It’s not always easy to keep interns engaged through a whole summer of helping your regular employees do the crucial work to keep the place profitable. Guest poster Matthew Gordon offers some advice and tactics.
Not all internships can be as exciting as “The Social Network” makes them seem: Most companies don’t try out potential interns by making them knock back a shot for every 10th line of code written or letting them hole up in a Silicon Valley house with a zipline over the pool.
But there’s no reason you can’t keep your interns engaged and excited about their work while they’re with your company. It just requires a little creativity and loosening of the reins.

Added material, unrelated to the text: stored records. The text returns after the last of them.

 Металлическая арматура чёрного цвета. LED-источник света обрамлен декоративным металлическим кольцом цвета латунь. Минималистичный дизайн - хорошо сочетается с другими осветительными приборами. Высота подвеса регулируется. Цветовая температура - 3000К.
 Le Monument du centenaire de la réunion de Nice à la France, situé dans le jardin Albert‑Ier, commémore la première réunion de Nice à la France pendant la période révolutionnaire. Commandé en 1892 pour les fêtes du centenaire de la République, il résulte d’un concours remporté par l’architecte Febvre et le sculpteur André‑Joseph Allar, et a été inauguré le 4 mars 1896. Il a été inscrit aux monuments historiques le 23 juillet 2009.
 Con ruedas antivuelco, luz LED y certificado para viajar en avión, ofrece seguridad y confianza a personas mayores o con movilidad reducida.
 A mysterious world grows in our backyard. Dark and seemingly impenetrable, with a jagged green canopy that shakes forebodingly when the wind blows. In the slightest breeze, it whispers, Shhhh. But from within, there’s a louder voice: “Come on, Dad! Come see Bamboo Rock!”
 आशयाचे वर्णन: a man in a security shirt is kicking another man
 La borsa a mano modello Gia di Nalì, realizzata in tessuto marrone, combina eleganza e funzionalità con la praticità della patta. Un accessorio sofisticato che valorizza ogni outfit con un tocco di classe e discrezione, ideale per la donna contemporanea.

It’s easy to keep interns interested and engaged throughout the first few weeks of an internship because the beginning is when their enthusiasm is at an all-time high. They’ve bought new dress pants — maybe a snappy blazer — and they’re ready to play the part of a working professional.

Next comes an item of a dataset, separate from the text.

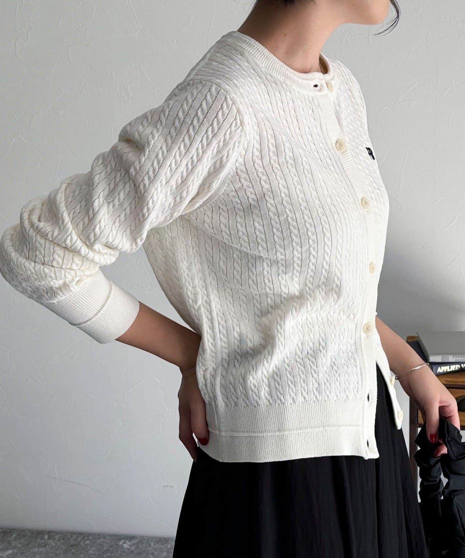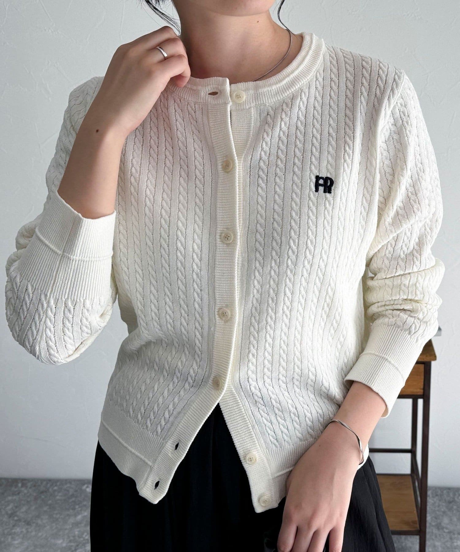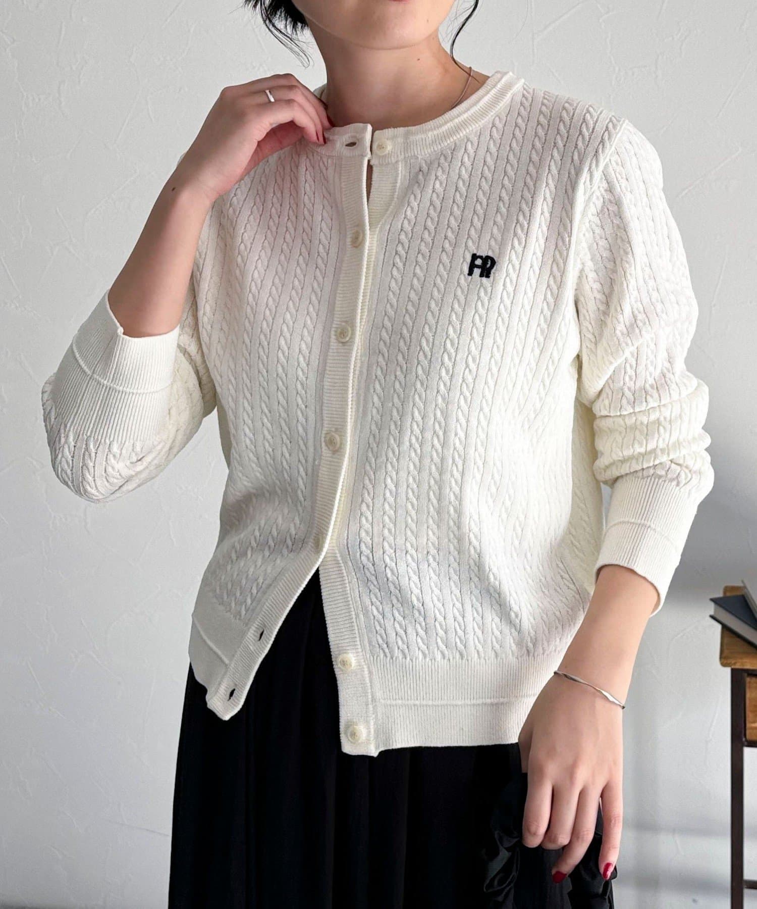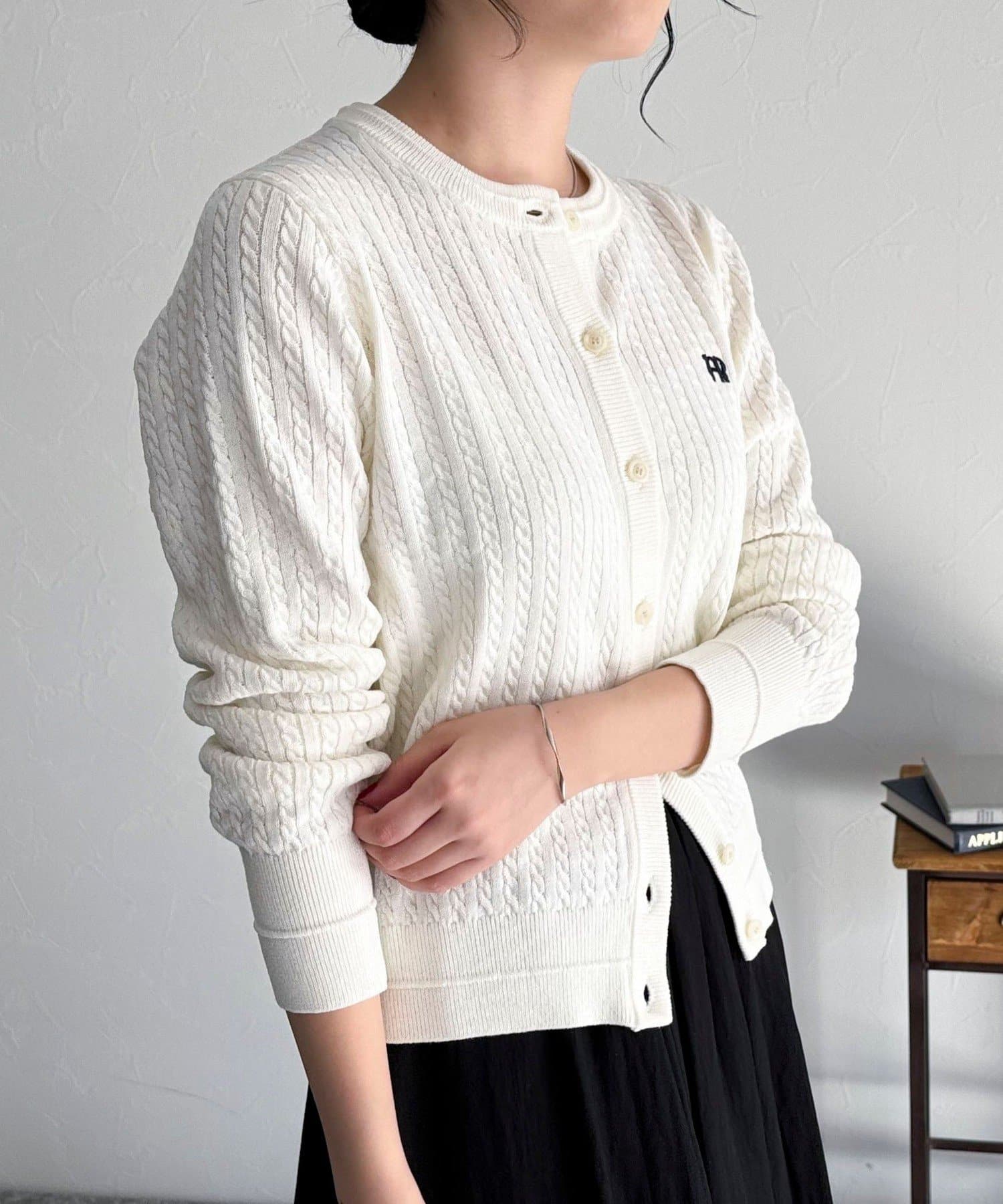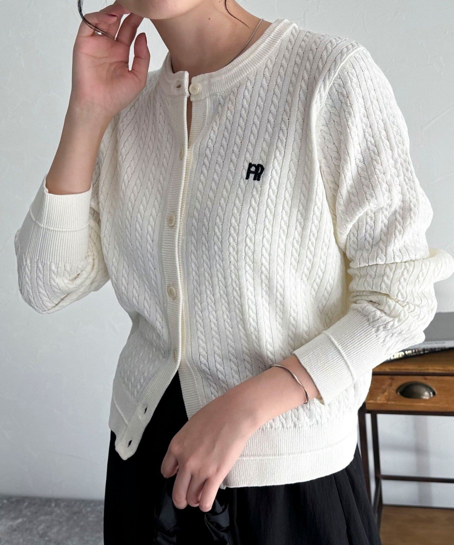 FR刺繍ミニケーブル柄カーディガン

During the first week at a new job, interns experience a combination of excitement, nervous energy and anticipation. They’re kept busy processing everything they observe. It’s likely they won’t know what to expect before joining your organization, so everything that makes your business unique — whether it’s a crazy Halloween costume contest or the special delivery of 300 hot dogs — will keep them engaged for a while.
But the initial excitement does wear off — sometimes, as soon as the first week. At this point, daily tasks seem mundane and repetitive, and the “new job” enthusiasm has eroded considerably. The trick is to drum up ways to keep interns’ work fresh so they feel eager about going to work for the duration of their internship.
Holding their attention
Although it’s unrealistic to expect your interns to stay excited about what they’re doing 100 percent of the time, you should strive to keep that positive momentum going as long as possible. Here are three things that will help keep them interested.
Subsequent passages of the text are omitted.